Sorry for not responding earlier, but I have been away on business.

 

A defence should be deal with the claimants pleading and not be complicated and long in these matters. It should not contain references to cases etc. Do not forget you may have to argue that which is contained in your defence and so you need to understand that to which you are endorsing a statement of truth. The case of Dimond v lovell is not on all fours with this case. Until the claimant pleads in an appropriate manner, you should not reveal all your 'cards'. I suggest a defence as follows:-

 

1. The particulars of claim discloses no cause of action and are self evidently an abuse of process, in that they fail to deal with the basic rules of pleadindg in accordance with the CPR (even allowing for the constraints of the bulk issue system).

 

2. Further to that above the defendant is unable to plead effectivley or at all.
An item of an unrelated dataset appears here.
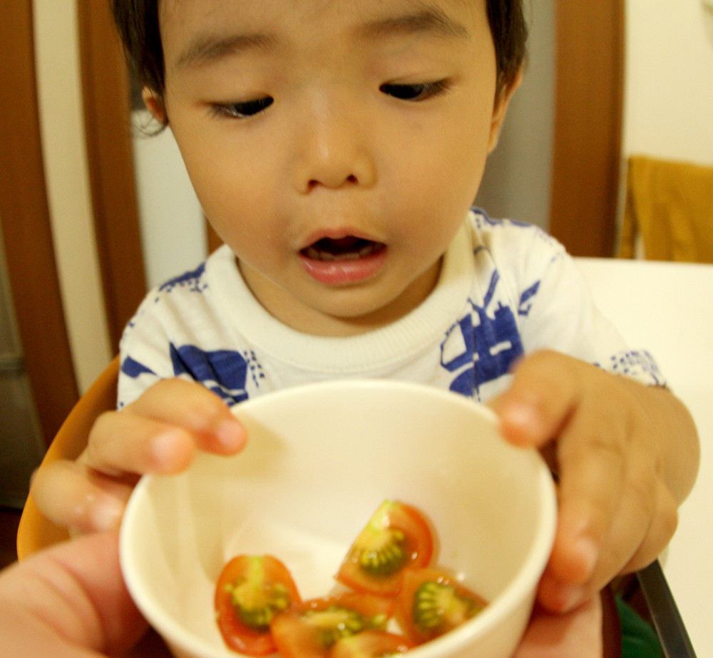 小さな子供は、ミニトマトを喉に詰まらせる事があるため小さく切ってあげます。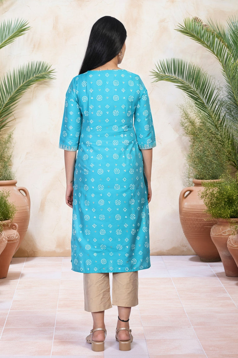 A vibrant expression of festive grace, this stunning kurta for women is a masterpiece of traditional design and modern comfort. Crafted in a breathtaking Azure Sky hue, it’s a piece designed to make you shine at any celebration. It's the kind of apparel you'll feel instantly radiant in. The silhouette is a timeless straight cut that flows effortlessly, offering both elegance and ease of movement right down to its classic straight hemline. This ethnic tunic features a flattering V-neckline, which is highlighted with delicate, shimmering ornamentation that serves as the yoke's focal point, beautifully framing the décolletage. Adding to its charm are the three-quarter sleeves, which provide graceful coverage and end in finely detailed cuffs that echo the intricate design at the neck. Subtle tape detailing runs vertically along the seams, a thoughtful touch that adds a structured yet decorative element to this beautiful garment. The all-over traditional print is inspired by classic motifs, rendered in a crisp pattern that feels both authentic and wonderfully fresh. This printed straight kurta is fully opaque for complete confidence and features comfortable side slits for ease of movement. It's a single, standout piece that forms the perfect foundation for your festive look.

The defendant is embarassed.

 

The above is all you need to place in the defence.

 

You should write to the claimants solicitors as follows:-

 

' Herewith copy defence by way of service, the same having been filed with the court.

 

Please serve amended particulars of claim and plead yor clients case in an appropriate manner within 7 days, so that I am aware of the case I will have to meet at trial. I request that you attach to the particulars a copy of the agreement upon which the claimant relies. The matter will be transferred to my home court and the claimant will have to produce the document, in any event. In those circumstances you should plead in accordance with the CPR rather than the Northampton County Court regime.

 

Failure to provide that requested in the time period provided for will result in application to the court. I confirm a copy of this letter will be produced to the court when the question of costs falls to be decided'.

 

I hope this helps and is understood. I did not want to appear 'complicated' and apologise.

 

I have been reprimanded by persons for not explaining the 'full story' behind my suggestions. Some of those persons are suggesting you rely upon precedents to help in your case. I doubt you have read those precedents or the persons suggesting the same have done so. If they have they have not understood the same (now thats complicated). There is very little effective meaningful precedent in theses matters and you need to rely upon the CCA 1974. There is plenty of decent advice on this site, the difficulty is sorting the wood for the trees.

 

 

 

 

I would fully endorse the above

 

Regards

Andy;)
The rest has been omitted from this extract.